A Cacique Cátia Tupinambá, de 49 anos, já está acostumada de olhar para os lados e perceber que está sempre na companhia de policiais militares, que fazem sua segurança. Ela sabe que, em um pequeno momento de descuido, pode sofrer retaliações por seu uma líder indígena que deseja preservar sua terra.

A luta da cacique é pela terra Tupinambá de Belmonte, que possui cerca de 10 mil hectares, onde 74 índios sobrevivem no local. Essa é uma das 32 terras indígenas da Bahia; nenhuma regularizada, segundo levantamento da ONG Instituto SocioAmbiental (ISA)."Eu só saio do interior da aldeia escoltada pela PM", revela Cátia. Ela conta que desde 2005 os conflitos pela titularidade da terra são recorrentes na região.

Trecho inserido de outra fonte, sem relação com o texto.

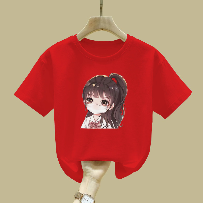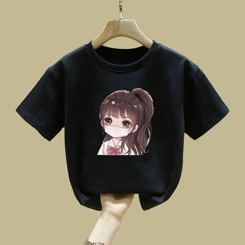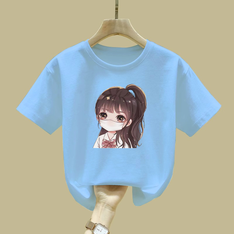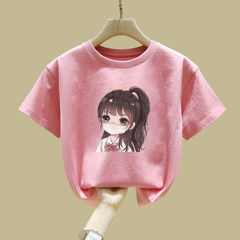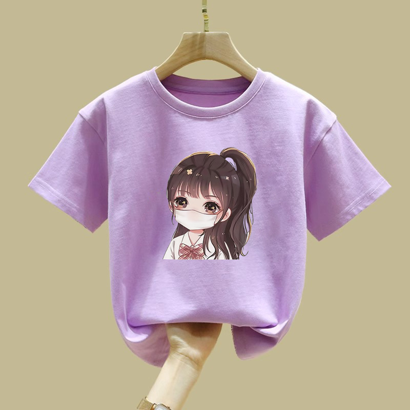 2367 # 코튼 걸스 반팔 티셔츠 2025 여름 새로운 서양식 캐주얼 탑 어린이 만화 반소매 여름 원피스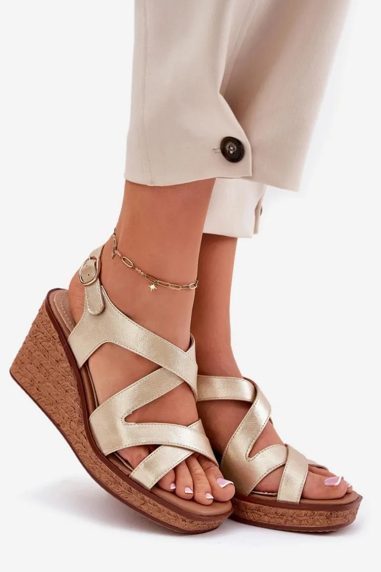 Damskie sandały wykonane z eko skóry to połączenie elegancji i komfortu. Osadzone na koturnie z imitacją plecionki. Przeplatające się paski z przodu nadają unikalnego charakteru, a zapinanie na sprzączkę umożliwia idealne dopasowanie do stopy. Skórzana, miękka wkładka gwarantuje wygodę przez cały dzień. Te sandały będą doskonałym wyborem na letnie dni, łącząc modny wygląd z funkcjonalnością. Przy wyborze rozmiaru prosimy sugerować się tabelą rozmiarów.
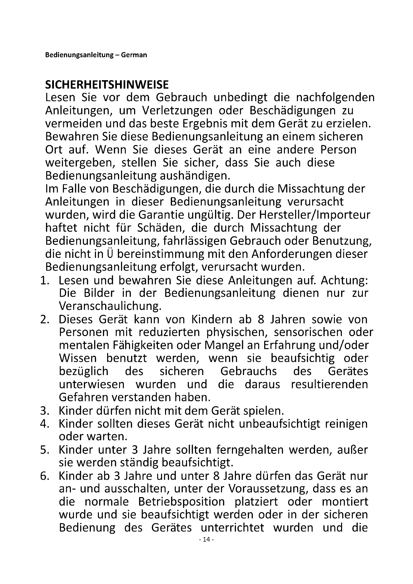 6. Kinder ab 3 Jahre und unter 8 Jahre dürfen das Gerät nur

Desse total, 12 foram reservadas pela Fundação Nacional do Índio (Funai). As outras ainda estão em processo de regularização. "Ultimamente, estamos vivendo bloqueio econômico, porque não temos conseguido escoar nossos produtos, como farinha e cacau", afirma a líder indígena.

Os comerciantes de longa data do povo Tupinambá de Belmonte acreditaram nas falácias contadas pelos fazendeiros da região, e não compram mais seus produtos."[...] Os fazendeiros disse (sic) que são produtos roubados", conta.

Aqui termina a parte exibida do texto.